YOUR ASSIGNMENT: Each line from the first entry to the line with "Thời gian gần", both included, is to be returned unchanged, with any pictures dropped.

(Records excerpted from a collection)
□ □ □ □ □ □ □

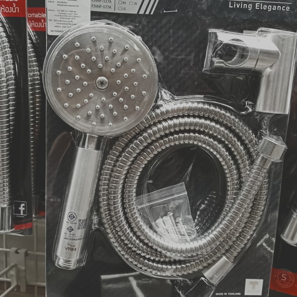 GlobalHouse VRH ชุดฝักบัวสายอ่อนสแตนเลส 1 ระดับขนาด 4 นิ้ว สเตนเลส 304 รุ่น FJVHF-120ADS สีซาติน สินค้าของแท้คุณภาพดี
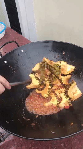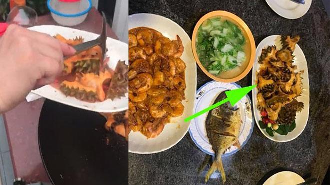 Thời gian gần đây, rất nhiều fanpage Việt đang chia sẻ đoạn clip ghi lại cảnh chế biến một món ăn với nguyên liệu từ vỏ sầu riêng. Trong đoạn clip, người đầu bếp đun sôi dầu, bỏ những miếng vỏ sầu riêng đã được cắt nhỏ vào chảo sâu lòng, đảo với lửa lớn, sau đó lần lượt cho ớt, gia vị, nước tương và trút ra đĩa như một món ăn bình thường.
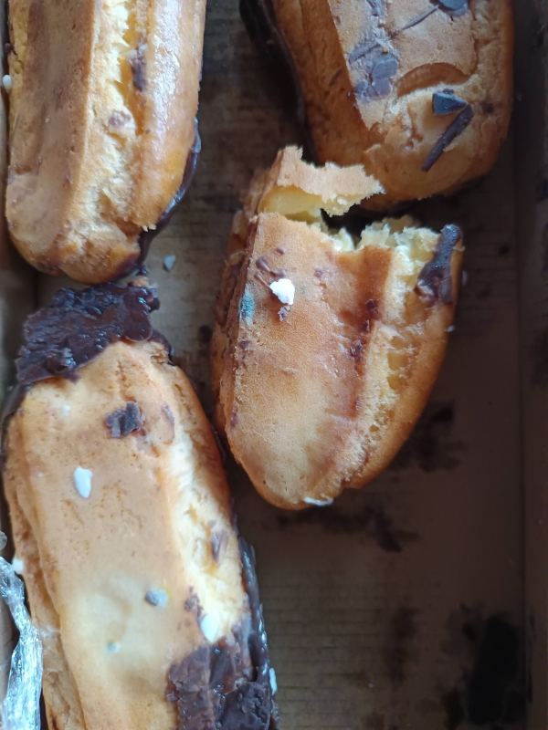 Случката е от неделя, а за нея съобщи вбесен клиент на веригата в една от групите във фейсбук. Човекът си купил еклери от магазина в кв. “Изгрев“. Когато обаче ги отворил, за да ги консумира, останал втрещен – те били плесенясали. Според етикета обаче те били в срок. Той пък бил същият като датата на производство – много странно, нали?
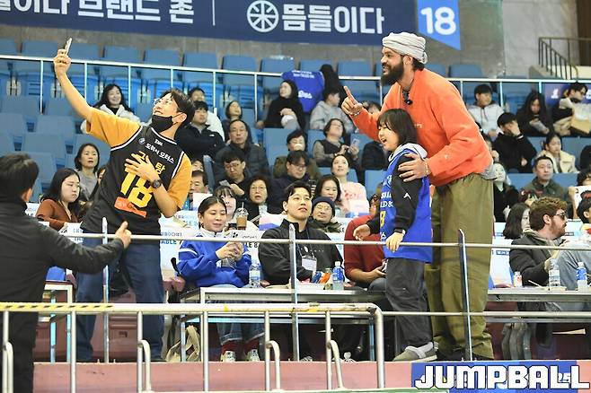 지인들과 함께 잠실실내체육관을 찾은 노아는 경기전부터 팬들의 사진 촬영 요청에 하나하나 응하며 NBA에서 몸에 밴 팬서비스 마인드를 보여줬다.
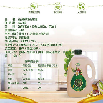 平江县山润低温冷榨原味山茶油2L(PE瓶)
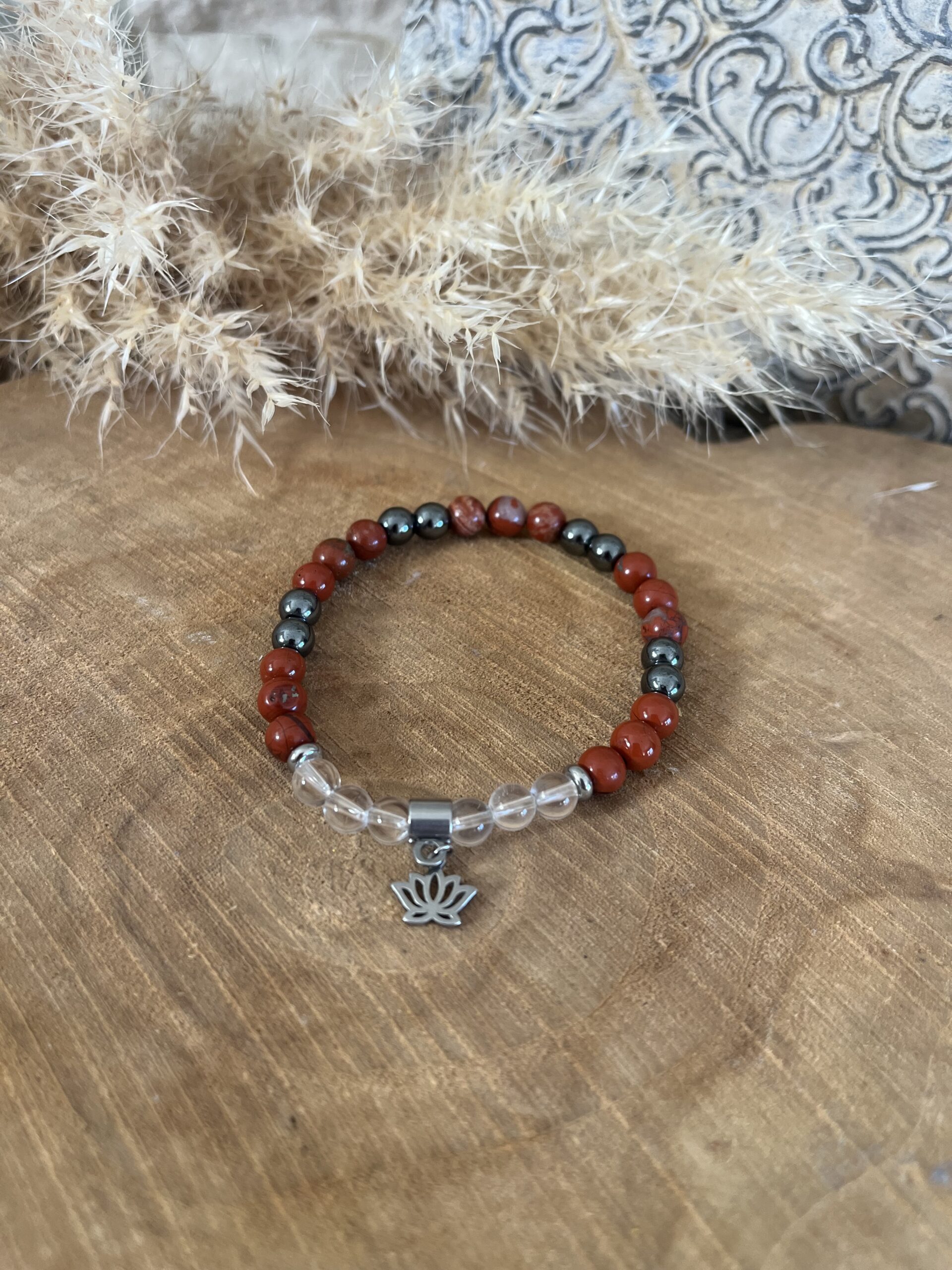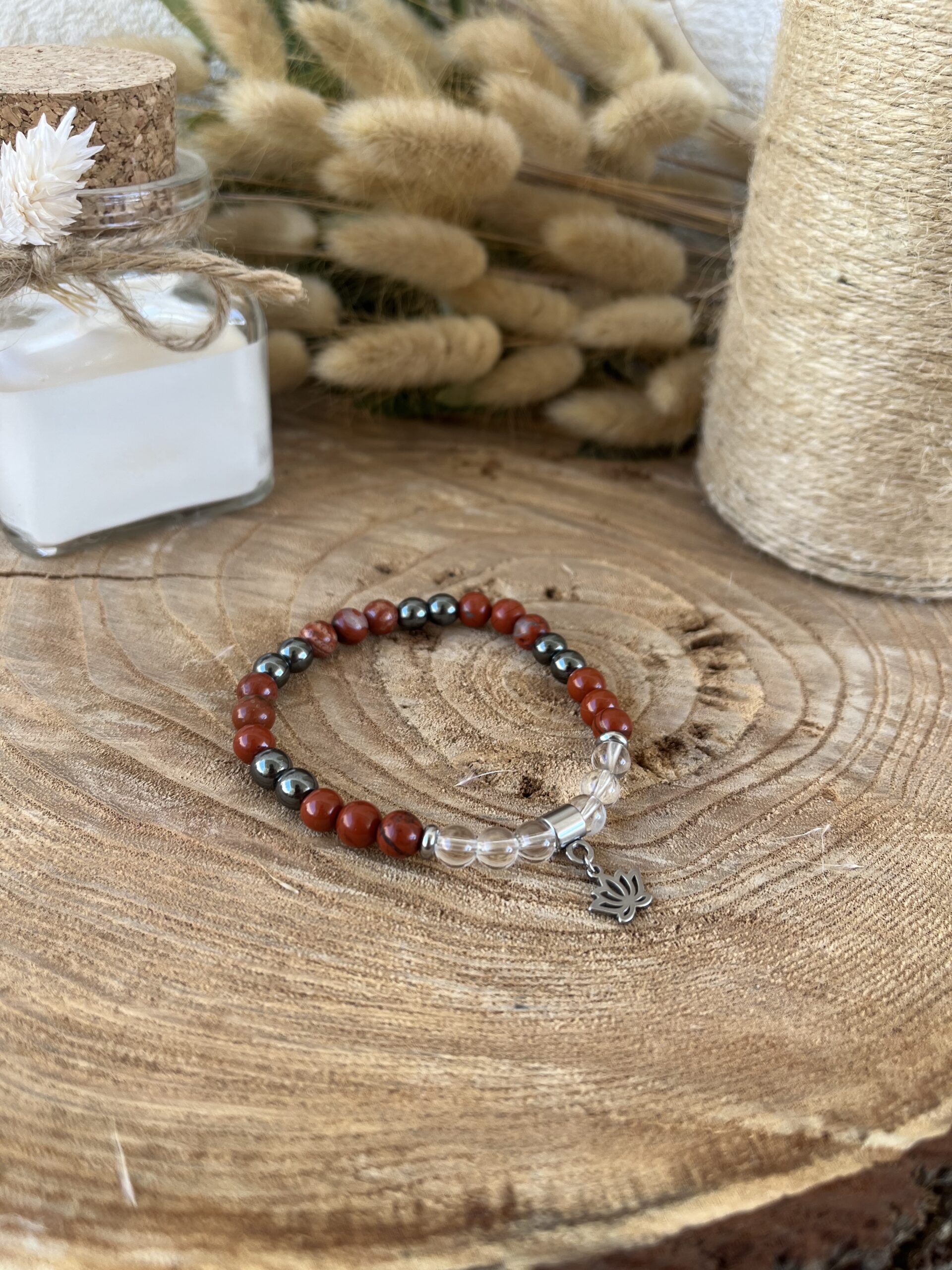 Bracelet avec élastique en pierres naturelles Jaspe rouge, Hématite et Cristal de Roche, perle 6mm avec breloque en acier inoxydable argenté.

□ □ □ □ □ □ □

RESULT OF THE TASK:
 GlobalHouse VRH ชุดฝักบัวสายอ่อนสแตนเลส 1 ระดับขนาด 4 นิ้ว สเตนเลส 304 รุ่น FJVHF-120ADS สีซาติน สินค้าของแท้คุณภาพดี
 Thời gian gần đây, rất nhiều fanpage Việt đang chia sẻ đoạn clip ghi lại cảnh chế biến một món ăn với nguyên liệu từ vỏ sầu riêng. Trong đoạn clip, người đầu bếp đun sôi dầu, bỏ những miếng vỏ sầu riêng đã được cắt nhỏ vào chảo sâu lòng, đảo với lửa lớn, sau đó lần lượt cho ớt, gia vị, nước tương và trút ra đĩa như một món ăn bình thường.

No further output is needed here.